If the recent ruling from Albany is a bellwether for the direction of mainstream American culture–and that’s a big if–then Fischer’s type of argument is swimming upstream.  If it is no longer an insult to call someone ‘gay,’ then it will make no sense legally, politically, or culturally to discriminate against homosexuality. 

There’s another lesson we can draw from this article.  At least one gay-rights activist has warned that this decision must not be taken as the end of discrimination against homosexuality.  As the UK’s Daily Mail reported, New York activist Jay Blotcher insisted that being identified as gay could still summon up “something akin to a lynching mob” in parts of the country.  “It’s still a thorny issue,” Blotcher said. “Bottom line, just because you have gay characters on television that make everybody laugh doesn’t mean that the entire country embraces gay people as equal citizens yet.”

Blotcher’s comments illuminate one of the most puzzling aspects of these kinds of “culture-war” debates.  Instead of celebrating the achievement of mainstream acceptability for homosexuality, Blotcher emphasizes the continuing persecution of homosexuals.  Like Blotcher, many voices from FA insist on their own status as beleaguered cultural minorities.  This tradition among American Protestantism has long roots, back to the seventeenth-century persecution of “Pilgrims” and “Puritans” that led in part to the founding of New England.  In the twentieth century, fundamentalist activists have often used Blotcher’s language of continuing discrimination to defend the borders of Fundamentalist America.     

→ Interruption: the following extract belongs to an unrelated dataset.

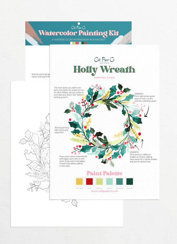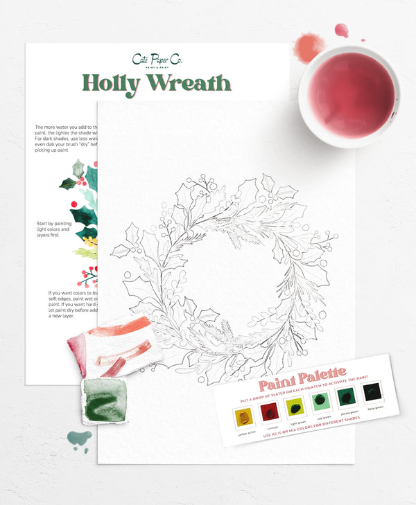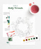 Paint your own watercolor holly wreath with this outline and paints. This kit is compact and portable- everything packaged together in a complete packet. Just add water to the included water brush and you can paint anywhere! No prior experience necessary, beginner friendly.

To cite just one example, in 1965 in the wake of the US Supreme Court rulings against school-sponsored religious devotions in public schools, fundamentalist editor and publisher John R. Rice insisted that “White Minorities Have Rights, Too.”  In the pages of his Sword of the Lord magazine (volume 31, September 3, 1965, page 1), Rice asked,

“If Christian people do not have a right to have the Bible taught in the schools, then infidels have no right to teach infidelity in the schools . . . . Why not have freedom in America as much for one minority as another?  Why not observe the rights of white people as well as the rights of Negroes?  Why not observe the rights of nonunion workers as much as the rights of union workers?  Why not observe the rights of Bible believers as well as the rights of the infidels in the churches and infidels in courts or schools?” 

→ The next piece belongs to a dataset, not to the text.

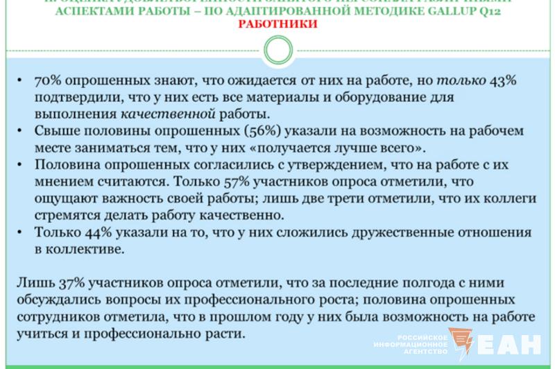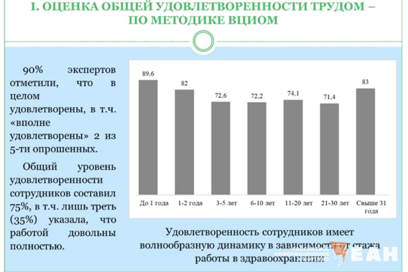 В докладе указывалось, что свыше 75% опрошенных удовлетворены своим трудом, его характером и содержанием. Большая часть опрошенных заявляют о том, что их организация заставляет их чувствовать, что их работа является крайне важной; они стремятся выполнять свою работу как можно более качественно, что у них имеются все возможности на рабочем месте, чтобы выполнять свою работу с наилучшим качеством, способствуя достижению цели медицинской организации.

Just as Jay Blotcher warned not to remove homosexuality from the category of defended minorities, so fundamentalists such as Rice insisted that they be allowed to claim minority status.  One of the quirks of America’s culture wars is that both sides often claim the rights and privileges of both majority AND minority status.  If we hope to understand Fundamentalist America, we need to understand the continuing propensity of fundamentalists to do both at the same time.